(WORK TO COMPLETE):
An exact reproduction of the records is required, with all pictures omitted.

====================

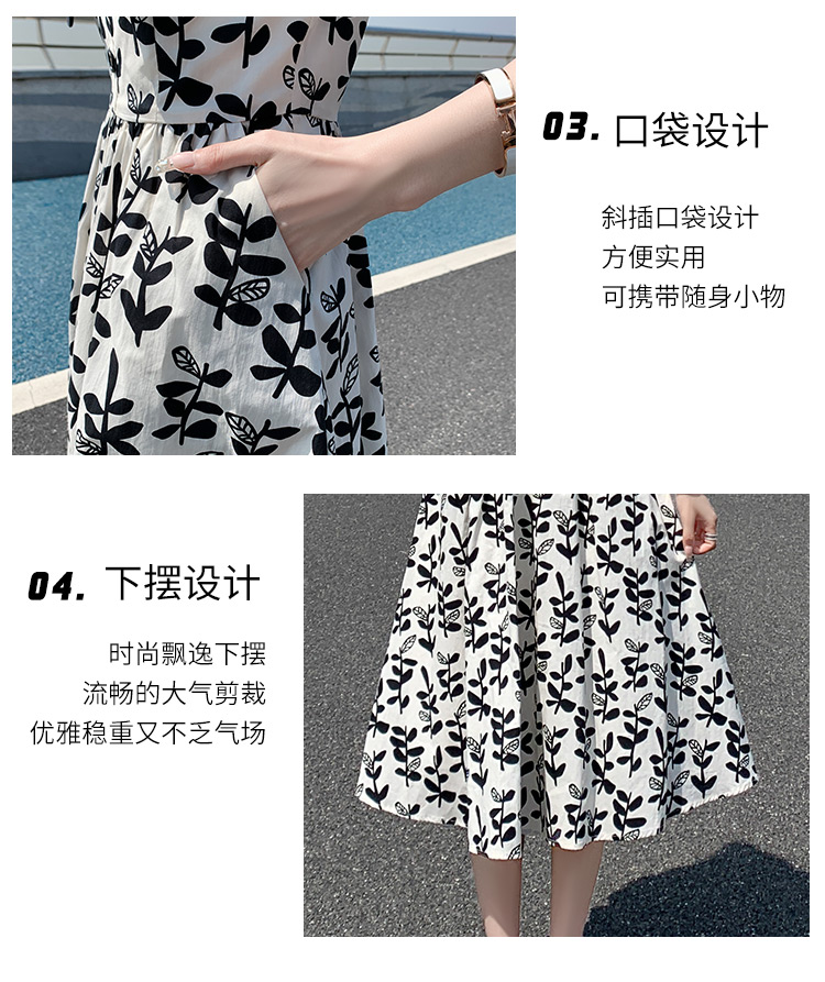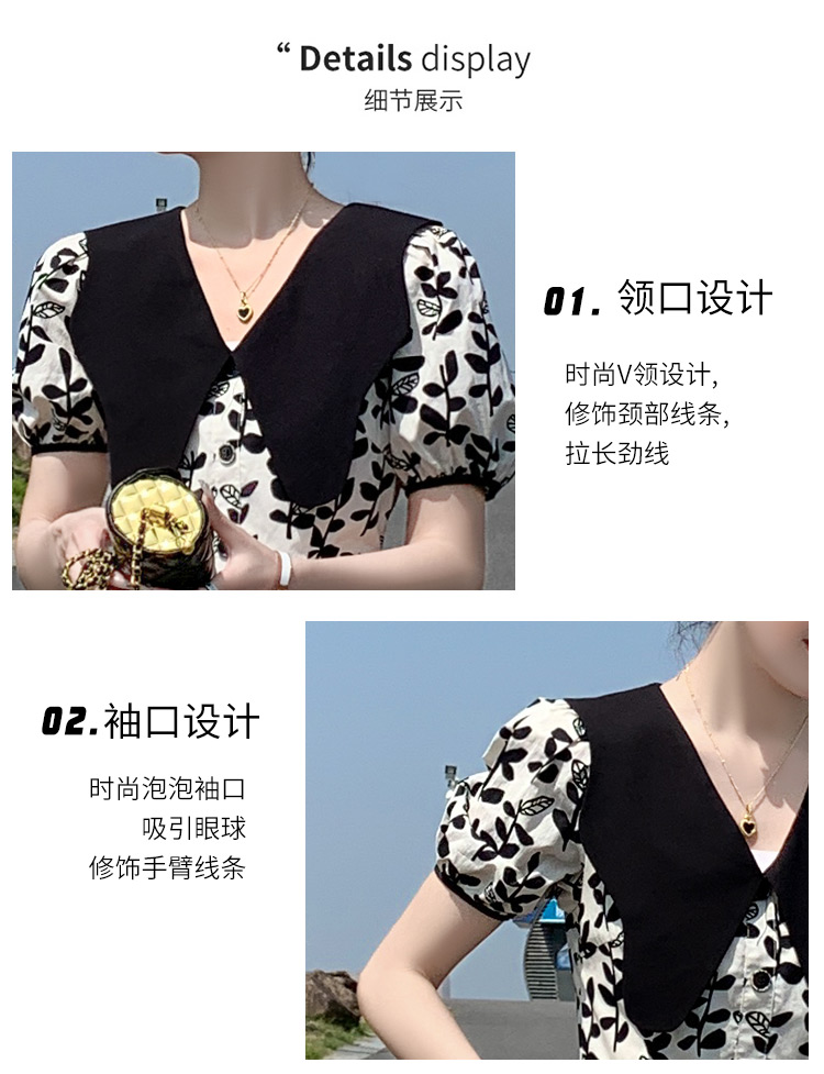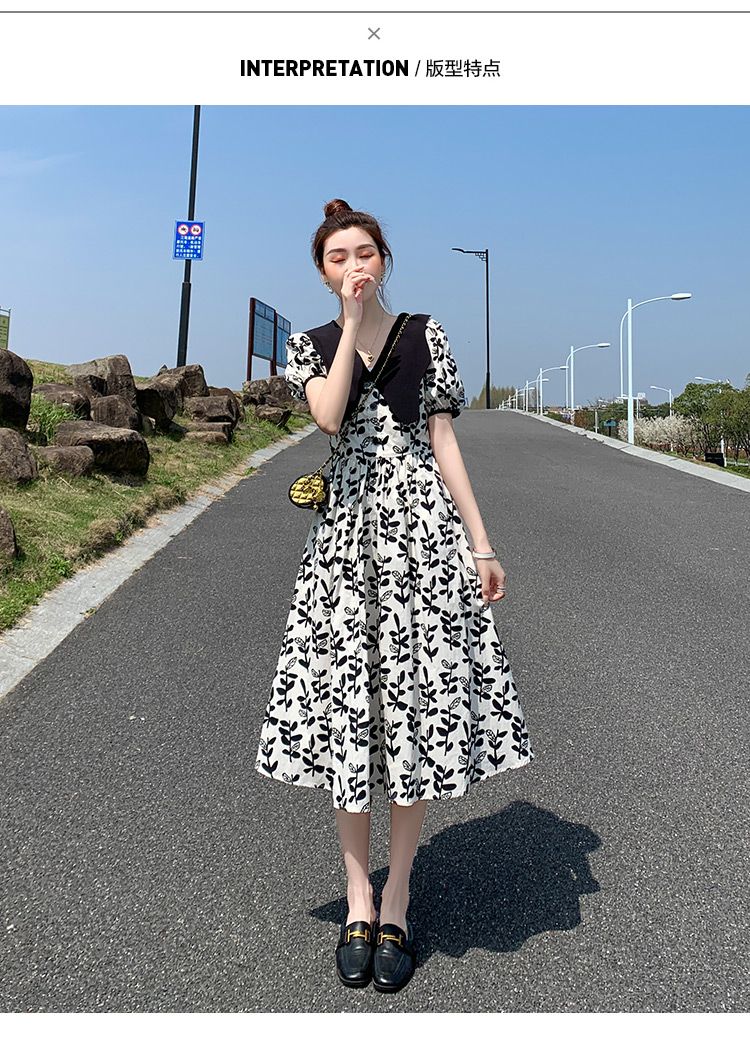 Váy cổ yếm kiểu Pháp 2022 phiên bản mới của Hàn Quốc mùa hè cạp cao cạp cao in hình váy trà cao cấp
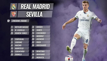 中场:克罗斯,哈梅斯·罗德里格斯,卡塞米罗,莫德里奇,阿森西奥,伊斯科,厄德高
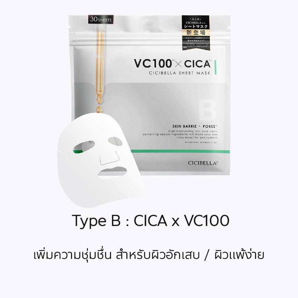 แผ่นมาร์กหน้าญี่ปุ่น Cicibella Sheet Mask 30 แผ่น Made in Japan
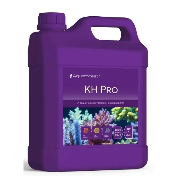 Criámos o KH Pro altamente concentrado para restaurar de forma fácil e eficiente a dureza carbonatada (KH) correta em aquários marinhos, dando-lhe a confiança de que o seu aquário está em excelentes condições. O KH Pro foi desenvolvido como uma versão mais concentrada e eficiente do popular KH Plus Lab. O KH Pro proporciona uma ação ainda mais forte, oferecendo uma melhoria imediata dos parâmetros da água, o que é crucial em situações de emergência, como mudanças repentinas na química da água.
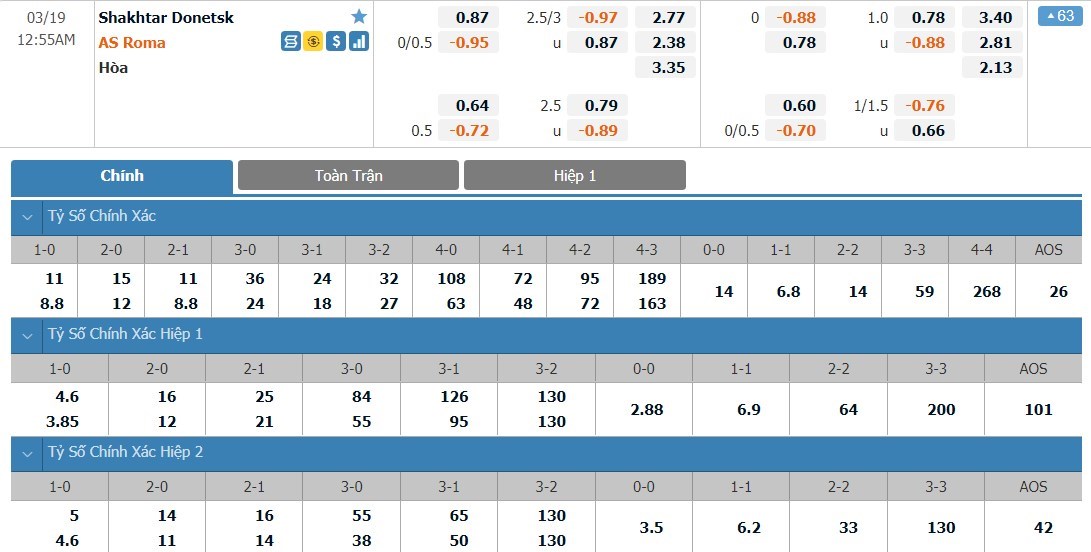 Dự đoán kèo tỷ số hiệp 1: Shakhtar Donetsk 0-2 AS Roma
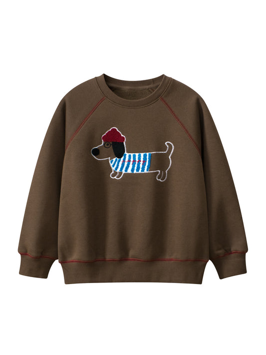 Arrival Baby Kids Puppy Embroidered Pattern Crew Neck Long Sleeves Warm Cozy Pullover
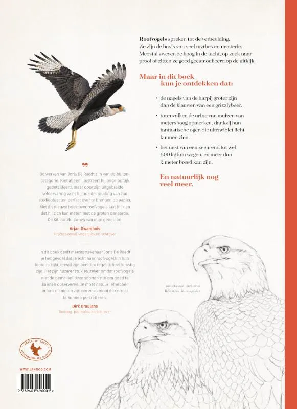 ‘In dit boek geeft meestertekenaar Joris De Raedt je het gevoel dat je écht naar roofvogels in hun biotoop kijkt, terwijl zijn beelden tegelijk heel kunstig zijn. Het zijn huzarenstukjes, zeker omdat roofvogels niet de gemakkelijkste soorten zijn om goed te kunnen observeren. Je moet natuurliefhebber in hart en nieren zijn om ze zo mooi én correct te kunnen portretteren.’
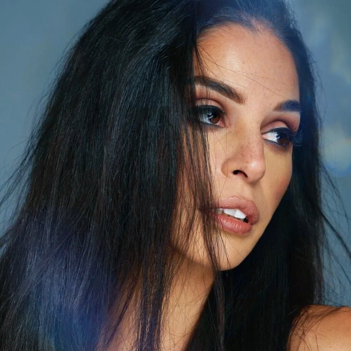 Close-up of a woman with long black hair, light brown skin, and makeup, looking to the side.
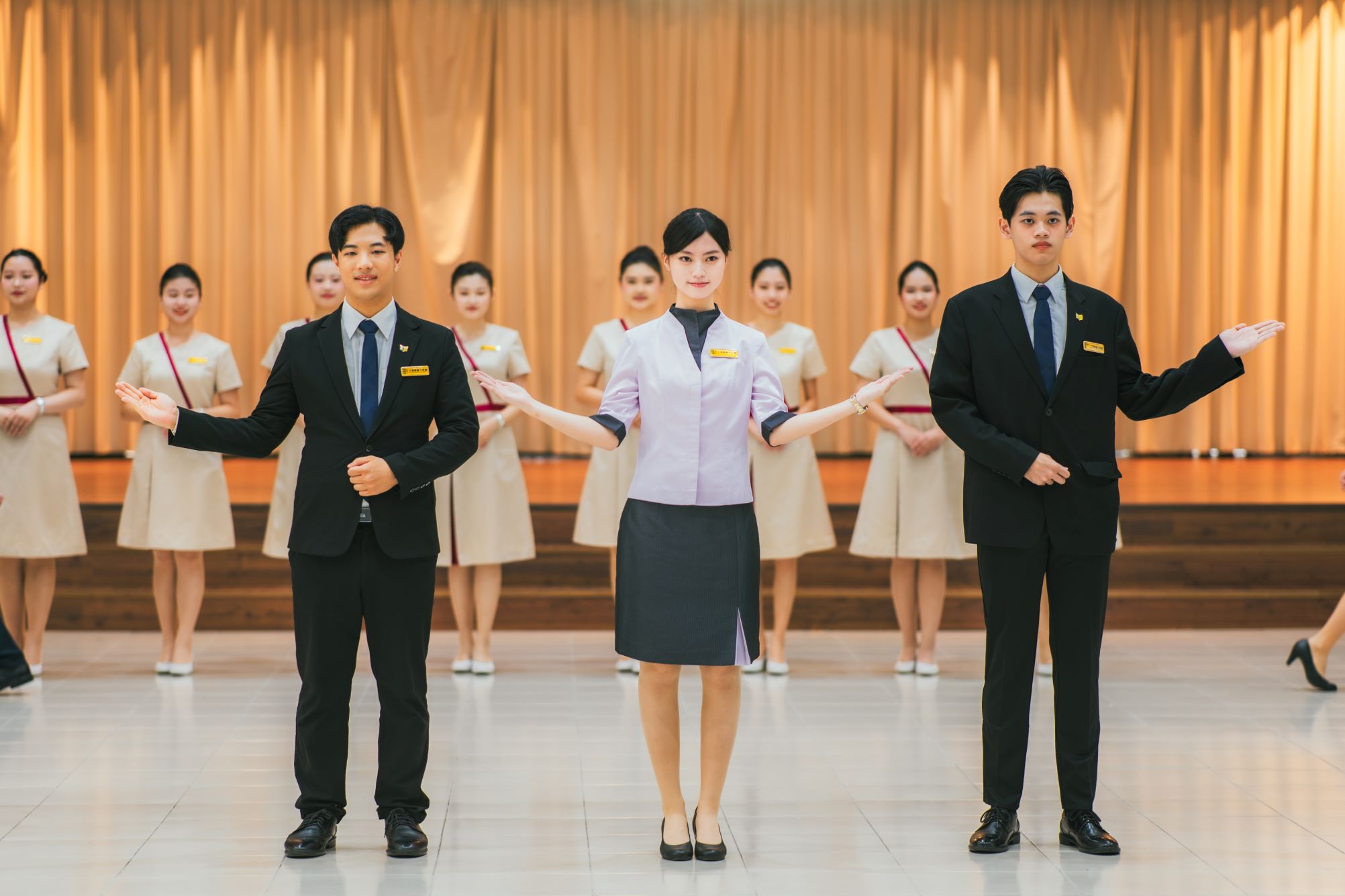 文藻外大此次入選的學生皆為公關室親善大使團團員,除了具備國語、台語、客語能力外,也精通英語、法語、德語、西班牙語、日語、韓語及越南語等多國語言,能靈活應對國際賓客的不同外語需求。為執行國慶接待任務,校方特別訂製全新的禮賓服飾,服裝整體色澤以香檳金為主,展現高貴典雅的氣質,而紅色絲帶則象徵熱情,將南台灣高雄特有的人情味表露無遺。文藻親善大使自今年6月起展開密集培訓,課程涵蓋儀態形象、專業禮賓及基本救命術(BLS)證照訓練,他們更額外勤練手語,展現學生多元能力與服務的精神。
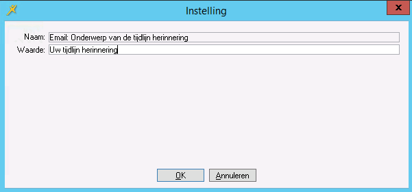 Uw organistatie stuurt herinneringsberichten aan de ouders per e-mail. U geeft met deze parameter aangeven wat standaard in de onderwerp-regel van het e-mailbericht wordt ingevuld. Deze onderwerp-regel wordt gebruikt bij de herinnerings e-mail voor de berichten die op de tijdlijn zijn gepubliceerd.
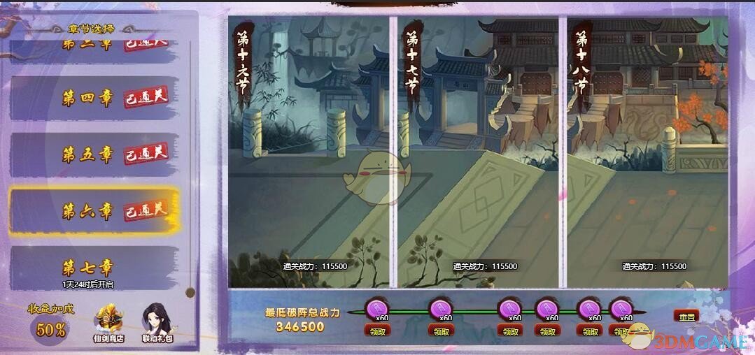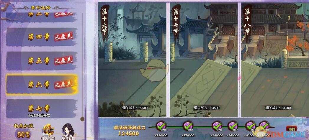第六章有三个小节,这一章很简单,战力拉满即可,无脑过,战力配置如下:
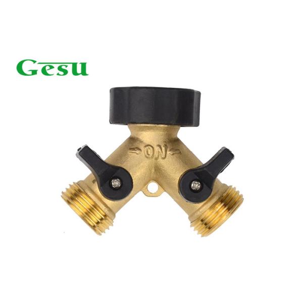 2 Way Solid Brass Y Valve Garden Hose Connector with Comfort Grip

====================

(ANSWER TO THIS TASK):
 Váy cổ yếm kiểu Pháp 2022 phiên bản mới của Hàn Quốc mùa hè cạp cao cạp cao in hình váy trà cao cấp
 中场:克罗斯,哈梅斯·罗德里格斯,卡塞米罗,莫德里奇,阿森西奥,伊斯科,厄德高
 แผ่นมาร์กหน้าญี่ปุ่น Cicibella Sheet Mask 30 แผ่น Made in Japan
 Criámos o KH Pro altamente concentrado para restaurar de forma fácil e eficiente a dureza carbonatada (KH) correta em aquários marinhos, dando-lhe a confiança de que o seu aquário está em excelentes condições. O KH Pro foi desenvolvido como uma versão mais concentrada e eficiente do popular KH Plus Lab. O KH Pro proporciona uma ação ainda mais forte, oferecendo uma melhoria imediata dos parâmetros da água, o que é crucial em situações de emergência, como mudanças repentinas na química da água.
 Dự đoán kèo tỷ số hiệp 1: Shakhtar Donetsk 0-2 AS Roma
 Arrival Baby Kids Puppy Embroidered Pattern Crew Neck Long Sleeves Warm Cozy Pullover
 ‘In dit boek geeft meestertekenaar Joris De Raedt je het gevoel dat je écht naar roofvogels in hun biotoop kijkt, terwijl zijn beelden tegelijk heel kunstig zijn. Het zijn huzarenstukjes, zeker omdat roofvogels niet de gemakkelijkste soorten zijn om goed te kunnen observeren. Je moet natuurliefhebber in hart en nieren zijn om ze zo mooi én correct te kunnen portretteren.’
 Close-up of a woman with long black hair, light brown skin, and makeup, looking to the side.
 文藻外大此次入選的學生皆為公關室親善大使團團員,除了具備國語、台語、客語能力外,也精通英語、法語、德語、西班牙語、日語、韓語及越南語等多國語言,能靈活應對國際賓客的不同外語需求。為執行國慶接待任務,校方特別訂製全新的禮賓服飾,服裝整體色澤以香檳金為主,展現高貴典雅的氣質,而紅色絲帶則象徵熱情,將南台灣高雄特有的人情味表露無遺。文藻親善大使自今年6月起展開密集培訓,課程涵蓋儀態形象、專業禮賓及基本救命術(BLS)證照訓練,他們更額外勤練手語,展現學生多元能力與服務的精神。
 Uw organistatie stuurt herinneringsberichten aan de ouders per e-mail. U geeft met deze parameter aangeven wat standaard in de onderwerp-regel van het e-mailbericht wordt ingevuld. Deze onderwerp-regel wordt gebruikt bij de herinnerings e-mail voor de berichten die op de tijdlijn zijn gepubliceerd.
第六章有三个小节,这一章很简单,战力拉满即可,无脑过,战力配置如下:
 2 Way Solid Brass Y Valve Garden Hose Connector with Comfort Grip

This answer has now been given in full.